Many successful projects use dual licensing to balance community and commercial interests:

# Dual licensing models:
#
# 1. Open Core (e.g., GitLab CE/EE, usulnet AGPL + Commercial)
#    - Core product is open source
#    - Premium features require commercial license
#
# 2. GPL + Commercial (e.g., MySQL, Qt)
#    - Community version under GPL
#    - Commercial license for proprietary embedding
#    - Requires CLA (Contributor License Agreement)
#
# 3. AGPL + Commercial (e.g., MongoDB pre-SSPL, Grafana)
#    - AGPL for self-hosting
#    - Commercial license for SaaS providers
#
# 4. BSL + Delayed Open Source (e.g., CockroachDB)
#    - Source available immediately
#    - Becomes open source after change date

Docker Image Licensing Considerations

When running self-hosted software with Docker, licensing applies at multiple layers:

Layer License applies to Example
Base image The OS and packages in the image Alpine (MIT), Ubuntu (various), Debian (DFSG)
Application The main software in the container Nextcloud (AGPL), Gitea (MIT), Grafana (AGPL)
Dependencies Libraries bundled in the image npm packages, Go modules, Python packages
Configuration Your custom configuration files Your code, not affected by container license
Tip: When self-hosting software for internal use, even AGPL and GPL software can be used freely because you are not distributing it to third parties.
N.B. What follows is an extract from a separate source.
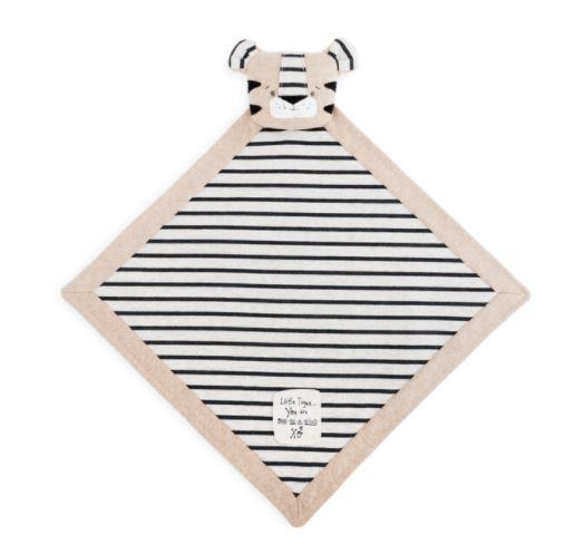 The Noah's Ark Tiger Blankie is an inspiring, 14" square, cuddly nap companion for baby with the embroidered message, "Little Tiger... You are One-of-a-Kind!" Lori Siebert brings the Biblical story of Noah and the Ark to life for little ones through unique animal designs on soft pieces such as plush animal figures, blankies, and nursery keepsakes. Inspired by the timeless story of Noah’s Ark, this artisan plush collection in natural earth tones blends soft and cozy materials with favorite animals, making a wonderful addition to any nursery. Jersey-knit materials with hand stitched elements, unique packaging in the shape of ark creates a wonderful easy gift. made from polyester; measures 14"
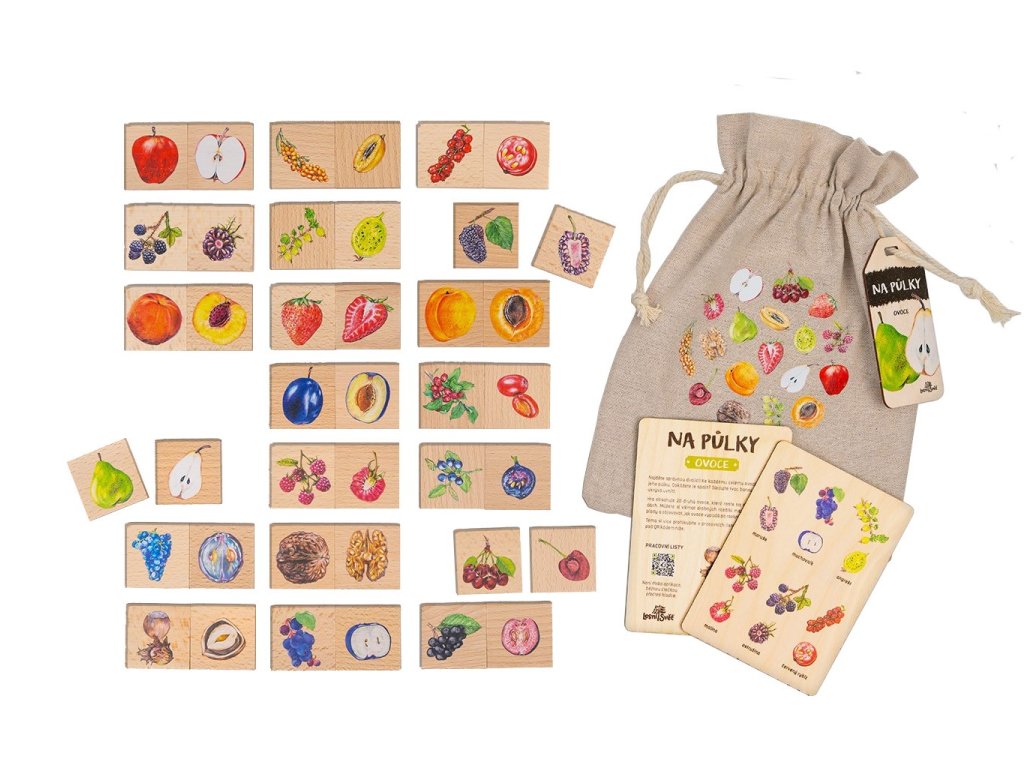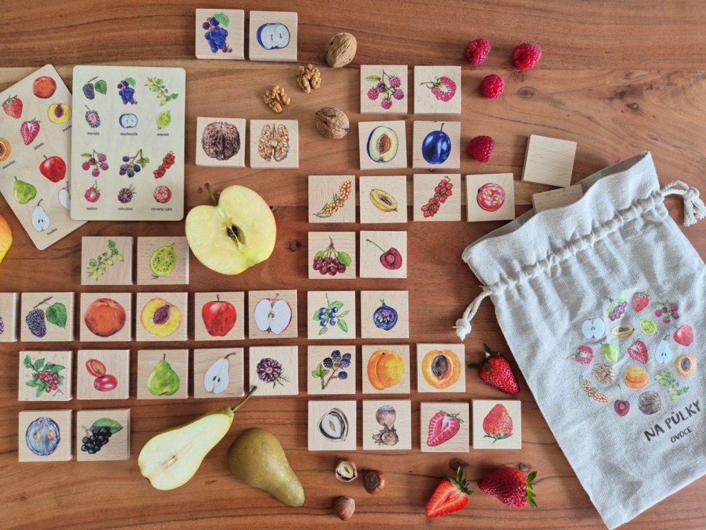 Druhy ovoce: broskev, hruška, borůvka, jahoda, jablko, švestka, meruňka, třešeň, ostružina, angrešt, červený rybíz, hroznové víno, malina, rakytník, muchovník, moruše, dřín, aronie, vlašský ořech, lískový ořech.

The copyleft obligations only trigger on distribution (GPL) or network interaction by external users (AGPL). Running Nextcloud for your team does not obligate you to publish your configuration or modifications.

Practical Implications for Self-Hosters

  • Using MIT/Apache software: No restrictions. Use freely, modify, deploy internally or externally.
  • Using GPL software: Fine for internal use. If you distribute modified versions, share the source.
  • Using AGPL software: Fine for internal use. If external users access it, share modified source code.
  • Using BSL software: Fine for internal non-production or non-commercial use. Check the specific additional use grant for production use.
  • Using SSPL software: Fine for internal use. Do not offer it as a managed service without open-sourcing your entire stack.

For tools like usulnet that use AGPL licensing, self-hosting for your own infrastructure management is fully within the license terms. The AGPL's network copyleft provision would only apply if you were to offer usulnet as a service to external third parties.

Summary

Open-source licenses are not just legal boilerplate. They define the social contract between software creators and users. Understanding them helps you make informed decisions about what you deploy, what you build on, and how you contribute back. For self-hosters, the practical advice is simple: read the license, use internally without fear, and be careful if you plan to redistribute or offer services to others.